I'd assume that we only want :cause and :purpose, but would be happy to add infer-01 if people back it.

Exceptions

Words and phrases such as: except, besides, excluding, but for, otherwise, but What we are currently doing: It looks like most of these get "except-00", with arg2 as the set and arg1 as the excluded smaller set, as in:

Iran currently administers the death penalty more than any other country besides China.
(p2 / penalize-01
      :ARG0 (c3 / country :wiki "Iran" :name (n3 / name :op1 "Iran"))
      :manner (d2 / die-01)
      :time (c2 / current)
      :mod (m2 / more
            :compared-to (c / country
                  :mod (o2 / other)
                  :ARG2-of (e / except-00
                        :ARG1 (c5 / country :wiki "China" :name (n / name :op1 "China"))))))
What to decide:

This seems to very consistently have already been annotated as either :prep-except or except-00. Except-00, furthermore, seems to have the same numbered arguments as include-91, which is very encouraging.
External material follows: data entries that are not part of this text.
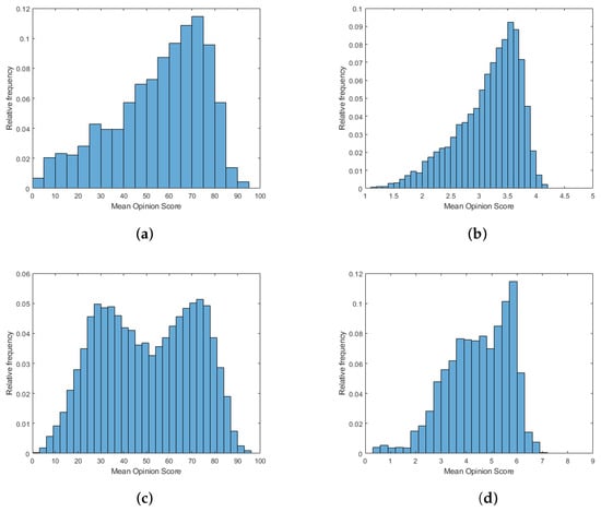 MOS distributions in the applied benchmark IQA databases: (a) CLIVE [50], (b) KonIQ-10k [4], (c) SPAQ [5] and (d) TID2013 [51].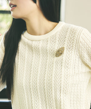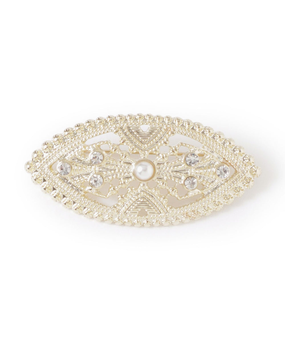 ヴェネツィア刺?からインスピレーションを得てデザインしたブローチ。緩やかなアールを描いて透かしを入れた繊細なベースに、パール調のパーツやビジューで華やかに仕上げました。シンプルなトップスにはもちろん、秋冬の毛足のあるニットにも映えるブローチです。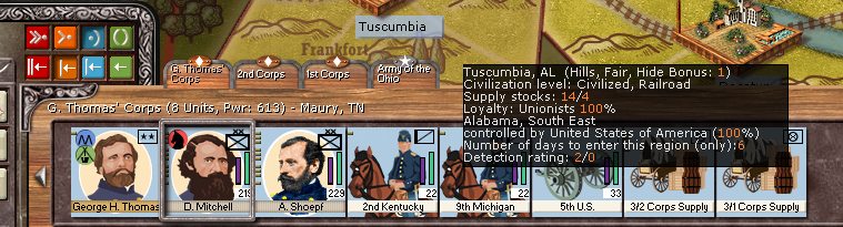 6:50:33 PM [Warning ] ULocalize.LoadLocalStrings: Alias too short at line 758 need at least 3 chars (ignored): 3.+ But what about Independent Forces? Being out of the normal Command Chain means that your command structure is not as efficient as being in a Corps or an Army stack. In game terms, it means that the leaders only generate half of their Command Points, making it far more difficult to avoid a command penalty.§Select the Independent Force at Clarksville led by General Buell.§§You’ll notice that a number pulses in red in the stack panel near an envelope.§§Click on the ‘next’ button to know more. in file: C:\Program Files (x86)\AGEod's American Civil War\ACW\Settings\LocalStrings_ScenariosACW.csv Can be a key parsed in alias itself! ($Cavalry = Cavalerie would be 3 = Cavalerie ...

I'd propose we just add a semantic role :exception, a reification have-exception-91 ("exclude-91" would also work if people want to link to an existing frame)

Temporal Sequences:

Examples of connectives that relate to this: once, since, when, as soon as, after, before, What we currently do: Temporal meanings for connectives like "once", "since", "before" and "after", all get coded as :time :op1 .
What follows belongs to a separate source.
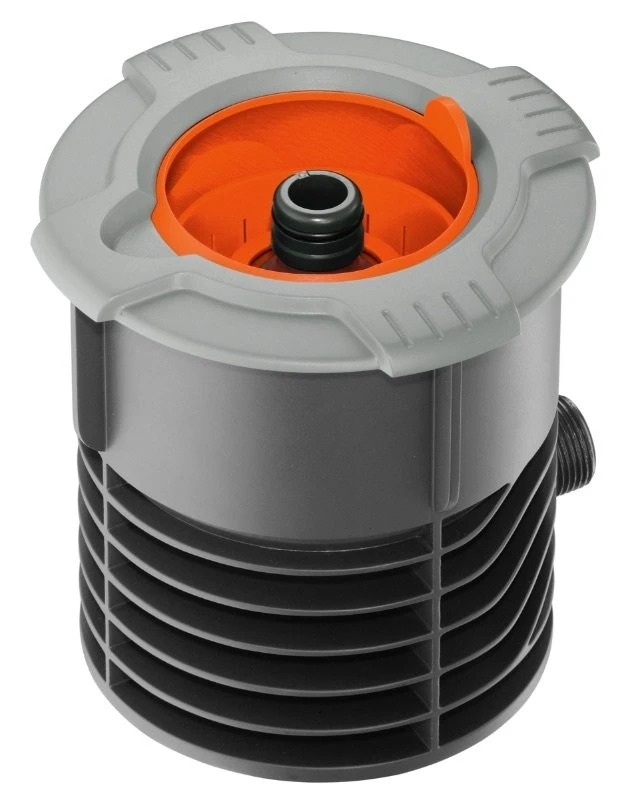 Met het GARDENA Aansluitgarnituur kunt u de kraan aansluiten op het ondergrondse GARDENA Sprinklersystem of de GARDENA Pipeline. Er wordt een GARDENA ‘Profi’ Maxi-Flow System Kraanstuk (art. nr. 2713-20) meegeleverd. Als er een beregeningsventiel of waterstopcontact wordt aangesloten, staat de slangaansluiting continu onder druk; in dat geval moet de druk in de slangaansluiting worden gestabiliseerd met het Kraanaansluitstuk (art. nr. 1513-20). De opklapbare, bolvormige afdekking verdwijnt bij opening binnenin het aansluitgarnituur en vormt dus geen probleem bij grasmaaien. Door de brede rand kan er geen gras in de afdekking groeien. Een uitneembaar filter voorkomt vervuiling van het contact als de afdekking open is. Het GARDENA Aansluitgarnituur heeft een buitendraad van 3/4″.

Traffic has more than doubled in one section of Huguenot Trail since 288 opened , reports Will Jones .
(r2 / report-01
      :ARG0 (p / person :wiki -
            :name (w / name :op1 "Will" :op2 "Jones"))
      :ARG1 (d / double-01
            :ARG1 (t / traffic
                  :location (s / section :quant 1
                        :part-of (r / road :wiki -
                              :name (h / name :op1 "Huguenot" :op2 "Trail"))))
            :time (s2 / since
                  :op1 (o / open-01
                        :ARG1 (r3 / road :wiki "Virginia_State_Route_288"
                              :name (x / name :op1 288))))
            :mod (m / more-than)))
What to decide:

I think any meaningful treatment of time should be for another day. My question is whether it's ok to stick with "time :since" and ":time once", or whether we want to convert these simple predicates into ":time before" and ":time after", or even changed to something really AMR-an like "be-in-temporal-sequence-91".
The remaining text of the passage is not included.